Gogol’ün Palto adlı öyküsünün başkahramanı Akaki Akakiyeviç, hayatta işinden başka bir zevki olmayan, silik bir memurdur. Çevresi tarafından alay konusu olsa da sakin ve huzurlu bir hayat sürmektedir. Rusya’nın zorlu kışlarında eski püskü paltosuyla ne kendini soğuktan koruyabiliyor ne de yenisini almaya gücü yetiyordur. Canını dişine takıp yeterli parayı biriktirebildiğinde ise, hayalini kurduğu paltoya neler olacağından habersizdir.
Burun adlı öyküde ise sıradan bir güne uyanan bir adamın, burnunu her zamanki yerinde bulamayışı ve büyük bir ciddiyetle peşine düşüşü konu edilir.

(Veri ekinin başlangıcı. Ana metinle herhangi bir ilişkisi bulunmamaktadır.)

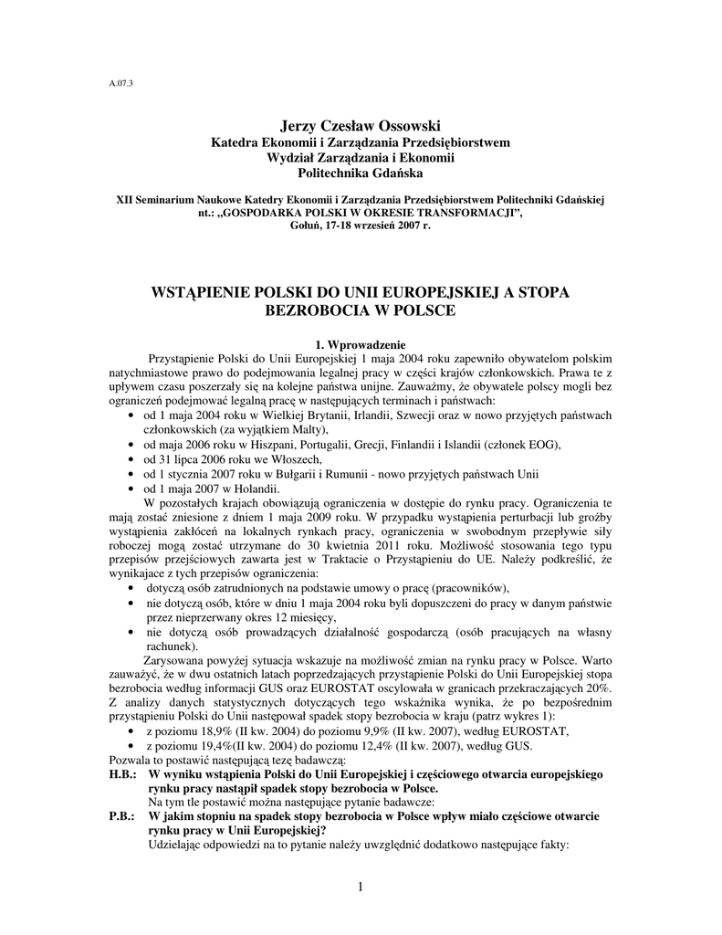 A.07.3 Jerzy Czesław Ossowski Katedra Ekonomii i Zarz dzania Przedsi biorstwem Wydział Zarz dzania i Ekonomii Politechnika Gda ska XII Seminarium Naukowe Katedry Ekonomii i Zarz dzania Przedsi biorstwem Politechniki Gda skiej nt.: „GOSPODARKA POLSKI W OKRESIE TRANSFORMACJI”, Gołu , 17-18 wrzesie 2007 r. WST PIENIE POLSKI DO UNII EUROPEJSKIEJ A STOPA BEZROBOCIA W POLSCE 1. Wprowadzenie Przyst pienie Polski do Unii Europejskiej 1 maja 2004 roku zapewniło obywatelom polskim natychmiastowe prawo do podejmowania legalnej pracy w cz ci krajów członkowskich. Prawa te z upływem czasu poszerzały si na kolejne pa stwa unijne. Zauwa my, e obywatele polscy mogli bez ogranicze podejmowa legaln prac w nast puj cych terminach i pa stwach: • od 1 maja 2004 roku w Wielkiej Brytanii, Irlandii, Szwecji oraz w nowo przyj tych pa stwach członkowskich (za wyj tkiem Malty), • od maja 2006 roku w Hiszpani, Portugalii, Grecji, Finlandii i Islandii (członek EOG), • od 31 lipca 2006 roku we Włoszech, • od 1 stycznia 2007 roku w Bułgarii i Rumunii - nowo przyj tych pa stwach Unii • od 1 maja 2007 w Holandii. W pozostałych krajach obowi zuj ograniczenia w dost pie do rynku pracy. Ograniczenia te maj zosta zniesione z dniem 1 maja 2009 roku. W przypadku wyst pienia perturbacji lub gro by wyst pienia zakłóce na lokalnych rynkach pracy, ograniczenia w swobodnym przepływie siły roboczej mog zosta utrzymane do 30 kwietnia 2011 roku. Mo liwo stosowania tego typu przepisów przej ciowych zawarta jest w Traktacie o Przyst pieniu do UE. Nale y podkre li , e wynikajace z tych przepisów ograniczenia: • dotycz osób zatrudnionych na podstawie umowy o prac (pracowników), • nie dotycz osób, które w dniu 1 maja 2004 roku byli dopuszczeni do pracy w danym pa stwie przez nieprzerwany okres 12 miesi cy, • nie dotycz osób prowadz cych działalno gospodarcz (osób pracuj cych na własny rachunek). Zarysowana powy ej sytuacja wskazuje na mo liwo zmian na rynku pracy w Polsce. Warto zauwa y , e w dwu ostatnich latach poprzedzaj cych przyst pienie Polski do Unii Europejskiej stopa bezrobocia według informacji GUS oraz EUROSTAT oscylowała w granicach przekraczaj cych 20%. Z analizy danych statystycznych dotycz cych tego wska nika wynika, e po bezpo rednim przyst pieniu Polski do Unii nast pował spadek stopy bezrobocia w kraju (patrz wykres 1): • z poziomu 18,9% (II kw. 2004) do poziomu 9,9% (II kw. 2007), według EUROSTAT, • z poziomu 19,4%(II kw. 2004) do poziomu 12,4% (II kw. 2007), według GUS. Pozwala to postawi nast puj c tez badawcz : H.B.: W wyniku wst pienia Polski do Unii Europejskiej i cz ciowego otwarcia europejskiego rynku pracy nast pił spadek stopy bezrobocia w Polsce. Na tym tle postawi mo na nast puj ce pytanie badawcze: P.B.: W jakim stopniu na spadek stopy bezrobocia w Polsce wpływ miało cz ciowe otwarcie rynku pracy w Unii Europejskiej? Udzielaj c odpowiedzi na to pytanie nale y uwzgl dni dodatkowo nast puj ce fakty: 1 • • • przeci tna roczna stopa wzrostu PKB zmieniła si z poziomu 3,0 % w latach 2000-2004 do poziomu 5,0% w latach 2005-2007 (II kwartał), przeci tna roczna stopa wzrostu zatrudnienia w Polsce zmieniła si z poziomu ujemnego wynosz cego -1,93% w latach 2000-2004 do poziomu dodatniego wynosz cego 3,07% w latach 2005-2007 (II kwartał), według danych EUROSTAT, przeci tna roczna stopa wzrostu zatrudnienia w Polsce zmieniła si z poziomu ujemnego wynosz cego -1,96% w latach 2000-2004 do poziomu dodatniego wynosz cego 1,55% w latach 2005-2007 (II kwartał), według danych GUS. Wykres 1 Stopy bezrobocia SU (wg. EUROSTAT) i SB (wg. GUS) oraz wzrostu PKB (SPKB) w Polsce 25 20 SU SB SPKB 15 10 5 0 4 1 2 1 3 2 2 3 4 3 1 4 1 4 7Q 97Q 98Q 99Q 00Q 00Q 01Q 02Q 03Q 03Q 04Q 05Q 06Q 06Q 9 19 19 20 20 20 20 20 19 19 20 20 20 20 20 2. Koncepcja przyczynowo-skutkowego modelu bezrobocia – przypadek zamkni tego rynku pracy Punktem wyj cia przy formułowaniu koncepcji przyczynowo-skutkowego modelu bezrobocia w warunkach zamkni tego rynku pracy jest nast puj ca definicja stopy bezrobocia (ut): ut = LFt − N t N = 1 − t = u N t , LFt LFt LFt (−) (+) (1) gdzie: LFt - wielko zasobów siły roboczej na koniec okresu t, Nt - wielko zasobu osób zatrudnionych na koniec okresu t. Z przedstawionej formuły zdefiniowania stopy bezrobocia wynika, e stopa ta jest: • ujemn funkcj liczby osób zatrudnionych w gospodarce narodowej (Nt), • dodatni funkcj zasobów siły roboczej (LFt – aktywnych zawodowo) Zauwa my, e wielko zasobów siły roboczej (LF) na koniec okresu t zale y od: • wielko ci zasobów siły roboczej z ko ca okresu t-1, • strumienia przypływu siły roboczej w okresie t (SpLF) (absolwenci szkół wkraczaj cy na rynek pracy, osoby w wieku produkcyjnym uaktywniaj ce si zawodowo, obcokrajowcy oficjalnie zatrudniani,...) • strumienia odpływu siły roboczej w okresie t (SoLF)(osoby przechodz ce na emerytur , osoby okresowo opuszczaj ce rynek pracy, emigracja zarobkowa,...). Z powy szego wynika, e: 2 LFt = LFt −1 + SpLFt − SoLFt (2) Oznacza to, ze przyrost zasobów siły roboczej jest ró nic pomi dzy strumieniem przypływu siły roboczej a strumieniem odpływu z rynku pracy, co mo emy zapisa w nast puj cy sposób: ∆LFt = LFt − LFt −1 = SpLFt − SoLFt (3) Uznajmy, e czynnikami decyduj cymi o zmianie zasobów siły roboczej s czynniki demograficzne. Je li w rozpatrywanym horyzoncie czasu obserwujemy ustabilizowany poziom liczby ludno ci kraju, to mo emy przyj zało enie upraszczaj ce w my l którego, zasoby siły roboczej z dokładno ci do czynnika losowego s wielko ci stał 1. W tej sytuacji wyra enie (3) zapisa mo emy nast puj co: ∆LFt = 0 ⇔ LFt = F = const . (4) Przy przyj tym powy ej zało eniu, zdefiniowan w (1), stop bezrobocia dla kolejnych okresów zapiszemy nast puj co: ut = u t −1 F − Nt 1 = 1 − Nt F F F − N −1t 1 = = 1 − N t −1 F F N t = F (1 − u t ) N t −1 = F (1 − u t −1 ) (5.1) (5.2) Odejmuj c stronami od w

Bürokrasinin bozulmuş düzenini fantastik öğelerle harmanlarken okuyucuyu da bu arayışa dahil eden Gogol fakirlikle, dışlanmışlıkla ve toplumsal yaşamın zorluklarıyla mücadele etmeye çalışan susturulmuş kitlenin sesi olur. Keskin bir ironi ve gözlem yeteneğiyle yazılmış ve Dostoyevski’nin “Hepimiz Gogol’ün paltosundan çıktık,” diyerek önemini vurguladığı bu eseri, Uğur Büke’nin özenli çevirisiyle sunuyoruz.